Key Experimental Results

Main Results (Tables)

SUD-ToF / RUD-ToF Datasets:

Method SUD-ToF MAE↓ SUD-ToF RMSE↓ RUD-ToF MAE↓ RUD-ToF RMSE↓
PE-ToF 9.77 15.92 21.22 48.76
NAFNet 11.08 18.24 20.41 33.83
Restormer 9.75 14.76 18.94 31.78
UD-ToFnet 8.88 11.50 17.29 31.11
LFRD² (Ours) 8.41 10.99 16.73 30.94

FLAT Dataset (ToF Denoising):

Method MAE↓ RMSE↓
SHARPnet 4.62 10.26
UD-ToFnet 4.41 8.23
LFRD² 4.13 7.35

NYUv2 Dataset (Depth Super-Resolution, MSE/MAE):

Method 16×
DSR-EI 2.94/0.49 13.3/1.19 57.0/2.70
LFRD² 2.85/0.47 12.8/1.16 52.3/2.58

Ablation Study (Tables)

Core Component Ablation (RUD-ToF):

Configuration Params/M FLOPs/G Speed/ms MAE↓ RMSE↓
Baseline (UD-ToFnet) 2.17 8.65 15.20 17.29 31.11
+ GRU +0.18 +7.62 19.89 17.02 31.09
+ LSTM +0.24 +10.4 22.15 16.96 31.22
+ LFRD² +0.18 +7.69 22.75 16.73 30.94
w/o FC (integer-order) +0.01 +0.41 20.67 17.00 30.99
w/o CC (no continuous conv.) +0.17 +7.28 22.11 16.88 31.03
NFC +0.13 +20.5 28.42 16.97 31.00

Fractional Order Ablation:

Order \(\alpha\) 0.1 0.3 0.5 0.7 0.9 Learnable (Ours)
MAE/mm 18.12 18.38 18.86 19.01 18.29 17.62
\(\rho_{1.02}\)/% 66.79 66.80 66.16 65.73 66.04 67.43

Key Findings

  • Fractional vs. integer order: Removing fractional calculus (w/o FC) increases MAE from 16.73 to 17.00, confirming the importance of memory properties.
  • Continuous vs. discrete convolution: Removing continuous convolution (w/o CC) increases MAE from 16.73 to 16.88.
  • vs.

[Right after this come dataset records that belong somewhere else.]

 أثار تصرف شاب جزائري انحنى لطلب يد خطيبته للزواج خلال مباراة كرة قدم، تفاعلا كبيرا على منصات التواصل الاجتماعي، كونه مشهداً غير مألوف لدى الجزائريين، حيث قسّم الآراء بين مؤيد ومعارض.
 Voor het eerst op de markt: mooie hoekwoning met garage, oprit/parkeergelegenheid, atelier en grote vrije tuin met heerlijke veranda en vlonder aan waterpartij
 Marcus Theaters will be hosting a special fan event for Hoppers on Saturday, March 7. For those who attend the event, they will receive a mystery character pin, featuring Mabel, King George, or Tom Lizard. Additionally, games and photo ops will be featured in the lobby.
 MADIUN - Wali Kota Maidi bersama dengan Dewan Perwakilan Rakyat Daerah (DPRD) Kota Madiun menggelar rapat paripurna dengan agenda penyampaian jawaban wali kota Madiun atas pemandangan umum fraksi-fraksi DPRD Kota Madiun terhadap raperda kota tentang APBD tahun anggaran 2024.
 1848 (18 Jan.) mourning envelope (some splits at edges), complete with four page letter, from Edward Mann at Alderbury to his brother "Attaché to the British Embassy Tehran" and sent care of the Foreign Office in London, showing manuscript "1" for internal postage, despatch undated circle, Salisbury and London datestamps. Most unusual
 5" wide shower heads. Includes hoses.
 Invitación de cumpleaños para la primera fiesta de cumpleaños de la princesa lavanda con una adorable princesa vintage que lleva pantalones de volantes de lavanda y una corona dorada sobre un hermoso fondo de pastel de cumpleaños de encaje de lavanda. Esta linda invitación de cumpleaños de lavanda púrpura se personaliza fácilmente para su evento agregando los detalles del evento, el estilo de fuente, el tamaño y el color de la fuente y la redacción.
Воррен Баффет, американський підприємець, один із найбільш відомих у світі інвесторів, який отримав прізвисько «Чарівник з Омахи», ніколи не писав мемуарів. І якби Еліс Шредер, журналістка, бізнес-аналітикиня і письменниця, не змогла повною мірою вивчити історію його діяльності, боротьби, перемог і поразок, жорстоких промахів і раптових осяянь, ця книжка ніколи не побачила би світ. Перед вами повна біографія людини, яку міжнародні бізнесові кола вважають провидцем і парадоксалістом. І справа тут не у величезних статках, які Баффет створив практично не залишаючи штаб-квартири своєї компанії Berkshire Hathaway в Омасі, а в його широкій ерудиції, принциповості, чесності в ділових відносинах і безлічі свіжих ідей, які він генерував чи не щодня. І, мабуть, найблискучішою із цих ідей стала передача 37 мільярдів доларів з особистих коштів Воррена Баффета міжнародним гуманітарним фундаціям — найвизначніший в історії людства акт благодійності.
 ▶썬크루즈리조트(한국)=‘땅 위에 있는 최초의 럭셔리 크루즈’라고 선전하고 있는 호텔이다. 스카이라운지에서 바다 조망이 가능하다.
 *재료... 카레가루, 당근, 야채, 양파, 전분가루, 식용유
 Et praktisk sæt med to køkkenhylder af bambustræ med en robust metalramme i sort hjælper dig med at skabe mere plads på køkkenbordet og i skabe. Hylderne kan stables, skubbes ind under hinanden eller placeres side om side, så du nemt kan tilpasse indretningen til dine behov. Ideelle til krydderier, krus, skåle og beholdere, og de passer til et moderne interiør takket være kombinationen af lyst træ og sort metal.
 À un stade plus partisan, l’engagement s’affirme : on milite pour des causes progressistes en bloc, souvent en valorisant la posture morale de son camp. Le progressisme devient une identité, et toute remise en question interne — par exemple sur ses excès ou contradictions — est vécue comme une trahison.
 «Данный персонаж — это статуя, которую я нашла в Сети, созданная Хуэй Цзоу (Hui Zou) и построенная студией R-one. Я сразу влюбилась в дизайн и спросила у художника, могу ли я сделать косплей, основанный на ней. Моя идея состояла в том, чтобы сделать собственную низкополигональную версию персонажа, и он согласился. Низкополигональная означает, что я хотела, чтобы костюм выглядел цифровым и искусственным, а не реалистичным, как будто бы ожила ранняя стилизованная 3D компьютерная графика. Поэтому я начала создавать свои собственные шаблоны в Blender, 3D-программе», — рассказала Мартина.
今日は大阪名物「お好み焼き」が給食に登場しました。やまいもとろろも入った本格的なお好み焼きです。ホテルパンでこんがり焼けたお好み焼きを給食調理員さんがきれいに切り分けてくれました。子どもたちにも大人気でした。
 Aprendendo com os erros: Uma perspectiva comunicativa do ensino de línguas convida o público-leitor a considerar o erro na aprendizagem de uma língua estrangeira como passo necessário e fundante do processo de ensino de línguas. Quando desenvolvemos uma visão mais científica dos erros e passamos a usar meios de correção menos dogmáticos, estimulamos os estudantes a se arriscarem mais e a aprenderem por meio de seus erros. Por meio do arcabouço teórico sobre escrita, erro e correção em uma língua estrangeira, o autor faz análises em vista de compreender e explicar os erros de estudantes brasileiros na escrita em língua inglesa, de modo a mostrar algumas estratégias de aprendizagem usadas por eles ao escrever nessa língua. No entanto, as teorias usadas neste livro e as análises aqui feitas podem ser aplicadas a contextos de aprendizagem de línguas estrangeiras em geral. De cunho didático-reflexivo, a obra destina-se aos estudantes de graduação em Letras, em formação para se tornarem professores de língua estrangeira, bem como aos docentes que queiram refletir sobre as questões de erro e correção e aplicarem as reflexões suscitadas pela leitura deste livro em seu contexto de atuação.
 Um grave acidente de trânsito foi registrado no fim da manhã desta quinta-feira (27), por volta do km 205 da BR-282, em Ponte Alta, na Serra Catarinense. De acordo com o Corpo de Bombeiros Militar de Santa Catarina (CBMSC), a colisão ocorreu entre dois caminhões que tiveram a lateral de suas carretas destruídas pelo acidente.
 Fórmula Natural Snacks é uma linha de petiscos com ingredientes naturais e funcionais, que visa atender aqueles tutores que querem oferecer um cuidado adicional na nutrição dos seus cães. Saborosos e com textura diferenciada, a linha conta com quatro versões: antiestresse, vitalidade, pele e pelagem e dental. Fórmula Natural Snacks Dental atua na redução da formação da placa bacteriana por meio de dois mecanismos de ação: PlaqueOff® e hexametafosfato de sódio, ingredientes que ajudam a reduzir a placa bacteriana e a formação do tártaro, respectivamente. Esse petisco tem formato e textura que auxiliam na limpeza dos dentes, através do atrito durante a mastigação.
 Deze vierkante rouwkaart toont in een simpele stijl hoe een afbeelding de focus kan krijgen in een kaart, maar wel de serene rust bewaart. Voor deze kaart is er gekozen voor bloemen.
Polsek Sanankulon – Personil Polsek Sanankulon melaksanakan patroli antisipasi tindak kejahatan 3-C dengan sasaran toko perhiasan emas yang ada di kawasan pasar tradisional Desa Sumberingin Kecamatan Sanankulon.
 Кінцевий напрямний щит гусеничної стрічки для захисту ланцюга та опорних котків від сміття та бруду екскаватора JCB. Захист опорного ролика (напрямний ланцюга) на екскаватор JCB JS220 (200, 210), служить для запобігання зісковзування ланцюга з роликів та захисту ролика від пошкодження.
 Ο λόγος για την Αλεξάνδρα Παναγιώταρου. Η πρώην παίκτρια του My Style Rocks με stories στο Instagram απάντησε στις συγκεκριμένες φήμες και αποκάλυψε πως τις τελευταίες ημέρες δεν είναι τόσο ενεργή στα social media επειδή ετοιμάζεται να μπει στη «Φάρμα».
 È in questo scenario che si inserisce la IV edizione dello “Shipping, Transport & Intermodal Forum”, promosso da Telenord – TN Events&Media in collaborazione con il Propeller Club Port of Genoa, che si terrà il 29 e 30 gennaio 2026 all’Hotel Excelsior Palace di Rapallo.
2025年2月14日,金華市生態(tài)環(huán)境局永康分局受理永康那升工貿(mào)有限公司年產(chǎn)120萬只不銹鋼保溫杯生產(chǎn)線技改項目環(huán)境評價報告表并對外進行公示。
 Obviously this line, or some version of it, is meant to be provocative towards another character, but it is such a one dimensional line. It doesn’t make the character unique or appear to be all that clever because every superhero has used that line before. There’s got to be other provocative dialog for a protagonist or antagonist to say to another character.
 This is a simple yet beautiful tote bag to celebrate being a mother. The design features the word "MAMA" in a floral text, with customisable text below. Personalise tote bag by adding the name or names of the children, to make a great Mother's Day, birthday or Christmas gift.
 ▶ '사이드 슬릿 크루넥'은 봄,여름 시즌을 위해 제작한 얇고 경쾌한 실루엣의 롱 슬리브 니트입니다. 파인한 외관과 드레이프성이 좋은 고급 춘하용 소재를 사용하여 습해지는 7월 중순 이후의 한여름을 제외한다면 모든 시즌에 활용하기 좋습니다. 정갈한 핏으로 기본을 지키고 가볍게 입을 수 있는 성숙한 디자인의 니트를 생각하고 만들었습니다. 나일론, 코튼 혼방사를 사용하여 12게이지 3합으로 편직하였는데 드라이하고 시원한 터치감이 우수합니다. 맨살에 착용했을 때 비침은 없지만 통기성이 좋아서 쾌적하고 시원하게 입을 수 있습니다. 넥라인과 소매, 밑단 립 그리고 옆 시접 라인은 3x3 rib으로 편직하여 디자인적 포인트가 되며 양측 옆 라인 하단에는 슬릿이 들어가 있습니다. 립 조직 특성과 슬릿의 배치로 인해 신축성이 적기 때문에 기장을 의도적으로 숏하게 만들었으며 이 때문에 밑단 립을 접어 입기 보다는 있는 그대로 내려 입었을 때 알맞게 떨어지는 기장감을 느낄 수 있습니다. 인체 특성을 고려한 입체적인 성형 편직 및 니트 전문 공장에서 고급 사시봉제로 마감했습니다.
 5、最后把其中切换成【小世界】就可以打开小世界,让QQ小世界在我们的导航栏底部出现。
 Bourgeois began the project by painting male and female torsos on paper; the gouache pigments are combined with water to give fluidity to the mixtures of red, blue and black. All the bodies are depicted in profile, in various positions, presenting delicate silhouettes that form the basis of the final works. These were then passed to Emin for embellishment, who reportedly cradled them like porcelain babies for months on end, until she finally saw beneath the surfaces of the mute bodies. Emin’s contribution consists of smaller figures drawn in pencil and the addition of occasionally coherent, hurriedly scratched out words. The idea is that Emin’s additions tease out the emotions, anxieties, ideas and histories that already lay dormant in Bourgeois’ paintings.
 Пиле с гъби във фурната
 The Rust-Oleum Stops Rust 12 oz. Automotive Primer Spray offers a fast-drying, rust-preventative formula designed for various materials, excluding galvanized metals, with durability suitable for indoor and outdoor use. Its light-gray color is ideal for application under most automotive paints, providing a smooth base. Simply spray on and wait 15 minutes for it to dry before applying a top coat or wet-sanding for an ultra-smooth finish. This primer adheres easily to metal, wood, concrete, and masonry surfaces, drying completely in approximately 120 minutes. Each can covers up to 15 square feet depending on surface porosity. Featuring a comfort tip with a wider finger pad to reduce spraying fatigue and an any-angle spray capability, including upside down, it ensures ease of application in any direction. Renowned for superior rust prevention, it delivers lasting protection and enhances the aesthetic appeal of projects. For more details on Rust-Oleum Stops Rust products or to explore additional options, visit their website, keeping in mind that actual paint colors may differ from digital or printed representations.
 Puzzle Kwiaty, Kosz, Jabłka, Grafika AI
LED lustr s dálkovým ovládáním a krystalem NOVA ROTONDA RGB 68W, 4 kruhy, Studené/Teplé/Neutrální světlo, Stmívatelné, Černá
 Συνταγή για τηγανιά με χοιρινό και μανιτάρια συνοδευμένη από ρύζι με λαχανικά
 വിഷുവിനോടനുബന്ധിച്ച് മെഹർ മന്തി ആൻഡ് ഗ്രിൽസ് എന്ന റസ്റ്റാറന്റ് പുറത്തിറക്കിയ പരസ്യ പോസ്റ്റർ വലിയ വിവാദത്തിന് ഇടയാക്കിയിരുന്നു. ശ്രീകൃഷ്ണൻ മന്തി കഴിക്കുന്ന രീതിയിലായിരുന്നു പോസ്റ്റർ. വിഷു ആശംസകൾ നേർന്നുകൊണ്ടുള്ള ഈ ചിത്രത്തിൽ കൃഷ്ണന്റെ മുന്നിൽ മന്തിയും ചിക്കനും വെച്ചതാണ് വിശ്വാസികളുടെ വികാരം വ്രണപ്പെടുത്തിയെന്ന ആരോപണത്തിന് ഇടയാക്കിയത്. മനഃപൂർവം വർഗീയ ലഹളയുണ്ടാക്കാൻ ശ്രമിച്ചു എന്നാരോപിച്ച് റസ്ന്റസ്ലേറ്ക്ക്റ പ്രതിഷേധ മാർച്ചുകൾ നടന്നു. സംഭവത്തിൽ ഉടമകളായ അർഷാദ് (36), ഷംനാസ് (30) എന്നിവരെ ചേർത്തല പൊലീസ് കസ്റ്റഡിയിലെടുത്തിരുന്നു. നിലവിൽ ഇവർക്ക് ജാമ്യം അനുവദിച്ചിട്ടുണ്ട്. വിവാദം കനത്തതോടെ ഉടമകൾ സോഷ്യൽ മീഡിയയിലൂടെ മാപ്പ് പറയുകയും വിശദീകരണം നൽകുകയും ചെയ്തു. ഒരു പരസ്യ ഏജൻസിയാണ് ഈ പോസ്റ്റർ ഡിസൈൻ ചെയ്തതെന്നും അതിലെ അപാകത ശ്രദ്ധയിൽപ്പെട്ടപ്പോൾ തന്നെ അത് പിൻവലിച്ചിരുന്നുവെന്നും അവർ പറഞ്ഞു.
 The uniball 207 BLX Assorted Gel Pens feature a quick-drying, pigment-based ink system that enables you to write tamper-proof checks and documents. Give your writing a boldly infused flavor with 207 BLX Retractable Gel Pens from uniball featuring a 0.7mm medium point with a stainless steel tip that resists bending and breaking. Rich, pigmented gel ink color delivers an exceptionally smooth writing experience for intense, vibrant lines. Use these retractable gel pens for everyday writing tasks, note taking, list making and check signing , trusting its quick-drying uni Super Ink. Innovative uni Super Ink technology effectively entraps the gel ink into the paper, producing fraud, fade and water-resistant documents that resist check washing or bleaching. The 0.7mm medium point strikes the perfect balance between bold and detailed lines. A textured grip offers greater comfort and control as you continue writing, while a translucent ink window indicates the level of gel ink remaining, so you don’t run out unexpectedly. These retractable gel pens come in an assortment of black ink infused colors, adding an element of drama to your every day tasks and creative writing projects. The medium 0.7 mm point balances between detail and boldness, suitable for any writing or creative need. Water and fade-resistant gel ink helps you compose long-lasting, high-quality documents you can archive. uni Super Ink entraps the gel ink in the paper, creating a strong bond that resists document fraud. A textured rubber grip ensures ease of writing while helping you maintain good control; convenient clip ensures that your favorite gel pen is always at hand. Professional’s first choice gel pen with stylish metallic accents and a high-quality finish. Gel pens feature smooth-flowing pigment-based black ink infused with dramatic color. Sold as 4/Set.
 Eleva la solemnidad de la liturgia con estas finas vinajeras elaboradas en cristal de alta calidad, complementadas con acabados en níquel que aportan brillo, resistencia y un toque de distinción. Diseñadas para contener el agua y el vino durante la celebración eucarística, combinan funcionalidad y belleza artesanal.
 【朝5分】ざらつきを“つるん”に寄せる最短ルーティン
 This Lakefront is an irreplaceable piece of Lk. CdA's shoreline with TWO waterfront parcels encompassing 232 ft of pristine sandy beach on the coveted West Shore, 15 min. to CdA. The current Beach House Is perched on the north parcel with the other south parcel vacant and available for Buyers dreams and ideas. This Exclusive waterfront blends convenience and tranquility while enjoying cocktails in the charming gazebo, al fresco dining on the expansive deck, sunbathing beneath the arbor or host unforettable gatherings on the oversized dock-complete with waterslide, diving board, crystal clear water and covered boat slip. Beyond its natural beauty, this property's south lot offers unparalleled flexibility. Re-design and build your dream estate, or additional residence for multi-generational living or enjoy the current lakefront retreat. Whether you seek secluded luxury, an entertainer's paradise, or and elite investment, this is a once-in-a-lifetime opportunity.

RNN variants: LFRD² outperforms both GRU and LSTM on MAE and RMSE, while maintaining parameter count comparable to GRU.
  • vs. NFC: Achieves comparable accuracy while reducing FLOPs by 62% and improving speed by 25%.
  • Learnable order outperforms all fixed orders, dynamically adapting to the optimal order for each sample.
  • Cross-task generalization: The same framework achieves state-of-the-art results across three distinct tasks — UD-ToF restoration, ToF denoising, and depth super-resolution.
  • Plug-and-play: The DISB can be replaced by various baselines (PE-ToF, NAFNet, Restormer, etc.), consistently yielding improvements.

Highlights & Insights

  • Hybrid physics-driven and data-driven design: Embedding fractional PDEs into neural network iterations provides both physical interpretability and learning flexibility.
  • Memory property of fractional calculus is the key innovation: leveraging a weighted combination of all historical iteration states makes the approach more robust than integer-order methods that rely solely on the current state.
  • Dynamic fractional order learned by the network addresses the difficulty of manual parameter selection in traditional fractional-order methods.
  • The efficient continuous convolution implementation (coefficient prediction + repeated differentiation) is more practical than MLP-based Neural Fields.
  • Strong cross-task applicability: The same framework, without modification, applies to different depth restoration tasks.

Limitations & Future Work

  • Training requires careful configuration to avoid numerical instability (NaN values); robustness needs improvement.
  • The current explicit numerical scheme may benefit from implicit formulations for greater stability and efficiency.
  • The number of iteration steps is fixed; adaptive step-size control could further improve efficiency.
  • The choice of DISB affects final performance, but selection criteria for the optimal initializer are not thoroughly investigated.
  • Although more efficient than NFC, continuous convolution still increases inference time by approximately 50%.
  • Perona-Malik Diffusion: A classical image enhancement diffusion model serving as the integer-order baseline for this work.
  • TNRD (Chen & Pock, 2016): Trainable Nonlinear Reaction Diffusion, learning time-varying filter parameters from data.
  • UD-ToFnet (Qiao et al.): A pioneering work on UD-ToF depth restoration, serving as the DISB baseline in this paper.
  • NFC (Nsampi et al.): Continuous convolution implementation based on repeated differentiation, the reference method for the continuous convolution design.
  • Algorithm Unrolling: Unrolls iterative algorithms into network layers, forming the methodological foundation of LFRD².
  • Insight: The potential of fractional calculus in image processing remains largely underexplored.

Rating

  • Novelty: ⭐⭐⭐⭐ — Combining fractional reaction-diffusion with deep learning and the learnable-order design are both novel contributions.
  • Experimental Thoroughness: ⭐⭐⭐⭐ — Four datasets, three tasks, and detailed ablations covering core components, continuous convolution inputs, and order selection.
  • Writing Quality: ⭐⭐⭐⭐ — Rigorous mathematical derivations, clear illustrations, and thorough physical explanations.
  • Value: ⭐⭐⭐⭐ — Methodological contribution to physics-driven depth restoration with strong cross-task generalizability.